当初大帅言及要寻一些江湖强人过来。但小人以为江湖强忍勇武有余而军纪败坏,只怕万一成事不足再败事有余,不曾想……”
刘盛一边好似自言自语,一边又连连叹息。
朱运才忽然却嘿嘿揶揄了一句。
“这事也不愿你,是老天让你归附镇虏侯,将来你也会感谢老天对你格外照顾的!”
这一番话似乎伤了刘盛的自尊,他陡然间冲着朱运才横眉怒目,但瞬息之间又像泄了气的猪尿泡,萎顿了下来。
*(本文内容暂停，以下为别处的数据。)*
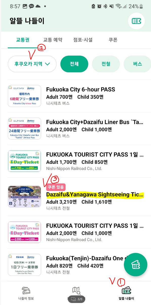 3) 메인 화면에서 가장 아래의 아이콘 3개 중 알뜰 나들이 아이콘으로 들어간 후, 지역을 후쿠오카 지역으로 선택, Dazaifu&Yanagawa sightseeing 을 클릭하여 들어간다.

败军之将何复言勇?该着自己招受羞辱,大丈夫能屈能伸,何必争这一时短长?不过他并不知道,若干年后想起今日之辱时,他却是万幸被朱运才所言中。
将近两个时辰后,李信看了看朱运才记录下来的供状,该记录的要点都已经悉数记录了下来。
“刘千总,来签字画押吧!”
十万八千里都走过去了,刘盛当然不会再擦汗这最后一哆嗦,于是当即便来到朱运才面前的桌案上,提起笔来歪歪扭扭的写上自己的名字,然后又挨个手指头染了印泥,悉数按了上去。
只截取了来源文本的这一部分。